*Data excerpts*
+ + +

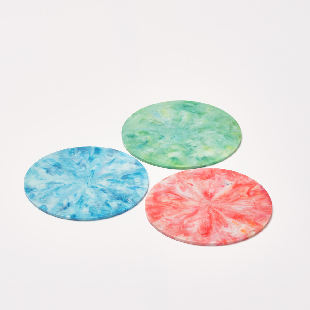 丸みのあるフォルムが愛らしく、壁やテーブルに貼るタイルとしてはもちろん、アート作品やクラフトのパーツとしても活躍するアップサイクルアイテムです。空間や作品に優しい雰囲気をプラスします。
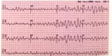 試題2:男,26歲。在參加馬拉松比賽,突然意識(shí)喪失5分鐘。最可能的心電圖診斷是(4分)
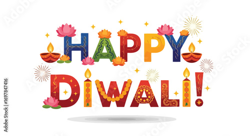 © Awan, Fototapeta premium Festive Happy Diwali Celebration Design with Decorative Elements and Vibrant Colors for Greeting Card or Banner Happy Diwali Celebration Design
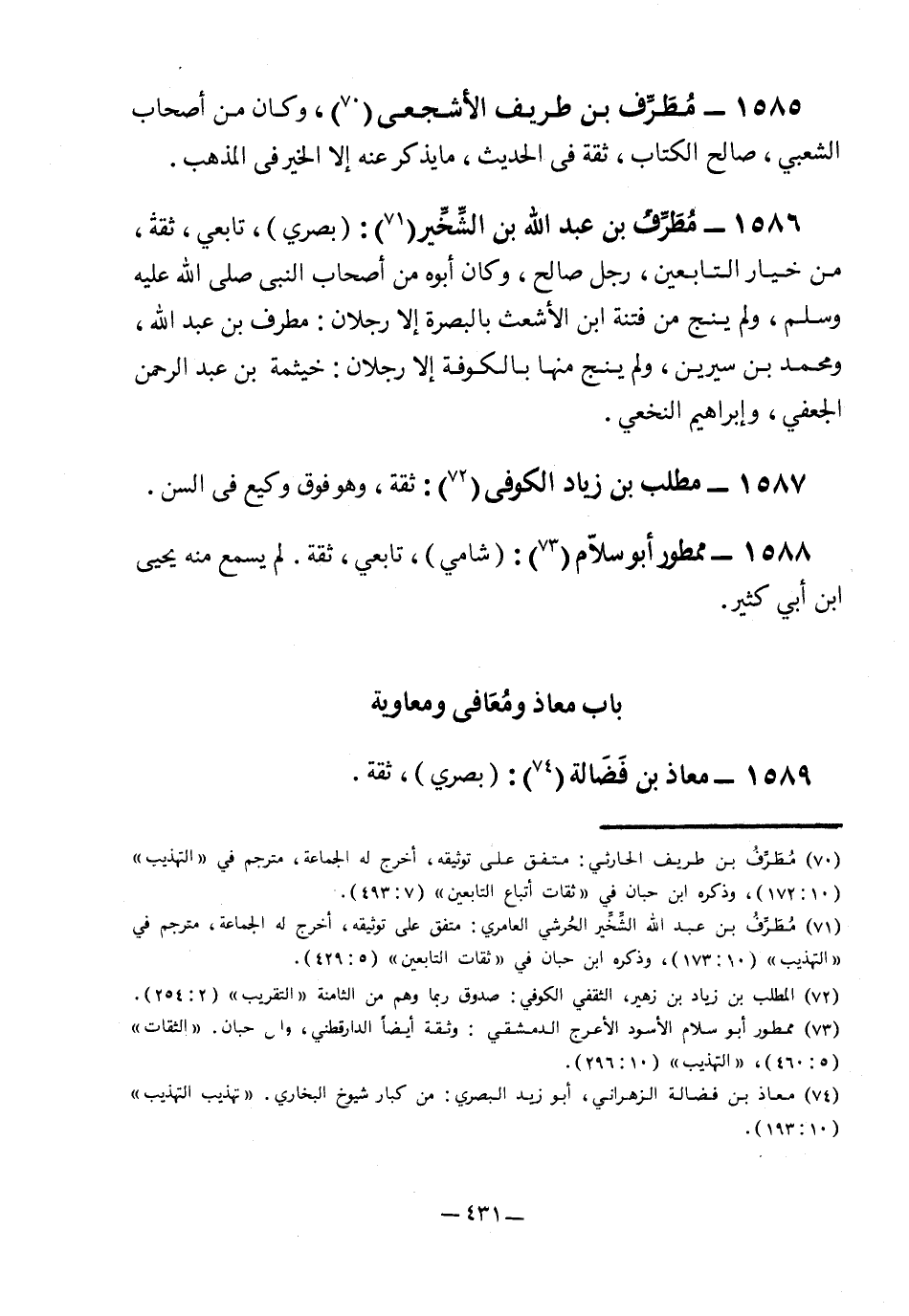 1586- مطرف بن عبد الله بن الشخير2: "بصري"، تابعي, ثقة، من خيار التابعين، رجل صالح، وكان أبوه من أصحاب النبي صلى الله عليه وسلم، ولم ينج من فتنة ابن الأشعث بالبصرة إلا رجلان: مطرف بن عبد الله، ومحمد بن سيرين، ولم ينج منها بالكوفة إلا رجلان: خيثمة بن عبد الرحمن الجعفي، وإبراهيم النخعي.
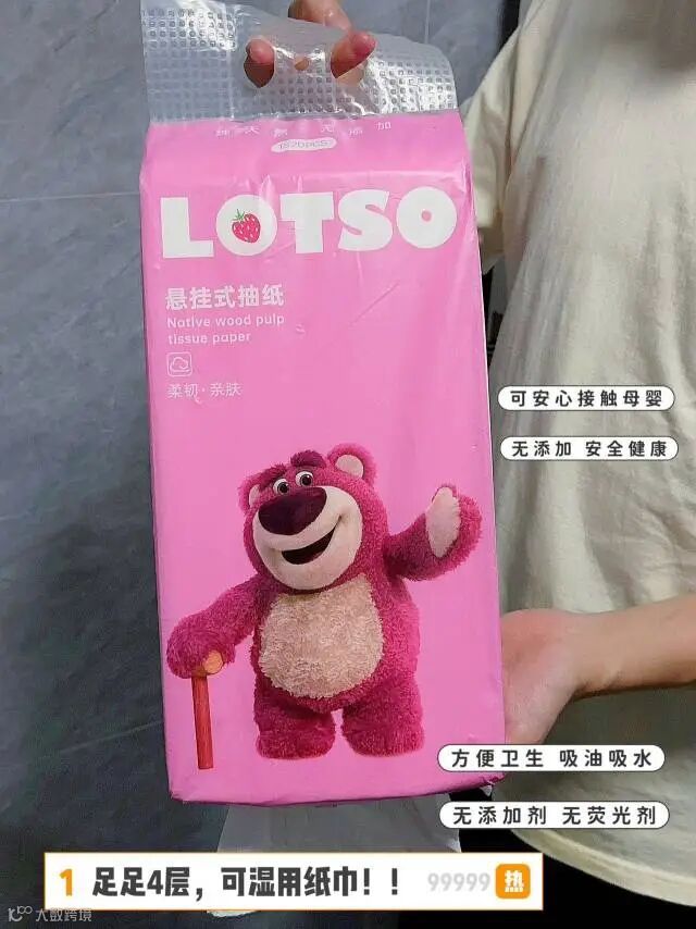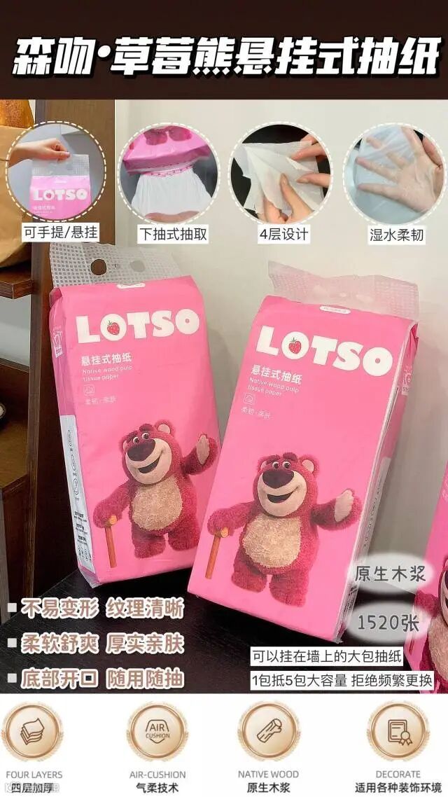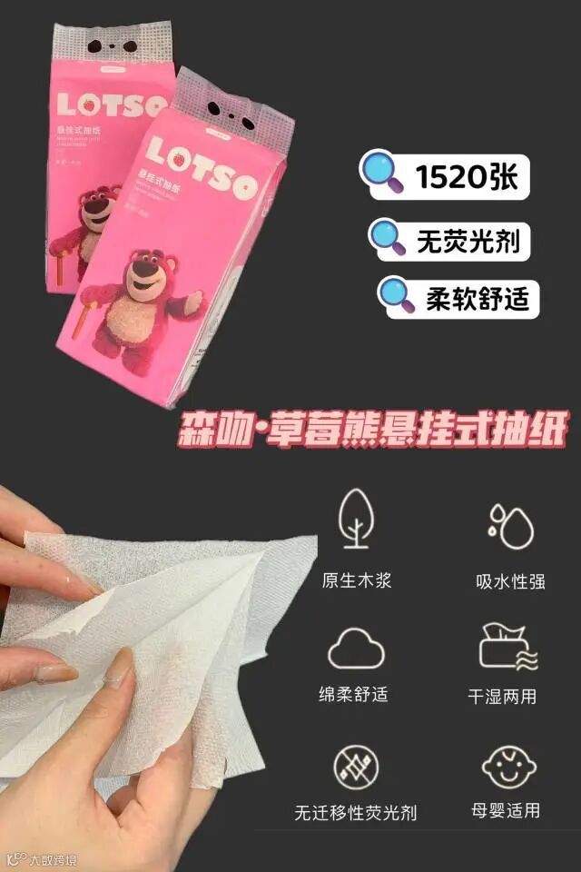 【新品补贴推荐】Disney迪士尼草莓熊悬挂式抽纸 180mm×165mm×1520张 原价:59元 粉丝群补贴价:39.8元

+ + +

With images omitted, retype the data word for word.

*RESPONSE*
 丸みのあるフォルムが愛らしく、壁やテーブルに貼るタイルとしてはもちろん、アート作品やクラフトのパーツとしても活躍するアップサイクルアイテムです。空間や作品に優しい雰囲気をプラスします。
 試題2:男,26歲。在參加馬拉松比賽,突然意識(shí)喪失5分鐘。最可能的心電圖診斷是(4分)
 © Awan, Fototapeta premium Festive Happy Diwali Celebration Design with Decorative Elements and Vibrant Colors for Greeting Card or Banner Happy Diwali Celebration Design
 1586- مطرف بن عبد الله بن الشخير2: "بصري"، تابعي, ثقة، من خيار التابعين، رجل صالح، وكان أبوه من أصحاب النبي صلى الله عليه وسلم، ولم ينج من فتنة ابن الأشعث بالبصرة إلا رجلان: مطرف بن عبد الله، ومحمد بن سيرين، ولم ينج منها بالكوفة إلا رجلان: خيثمة بن عبد الرحمن الجعفي، وإبراهيم النخعي.
 【新品补贴推荐】Disney迪士尼草莓熊悬挂式抽纸 180mm×165mm×1520张 原价:59元 粉丝群补贴价:39.8元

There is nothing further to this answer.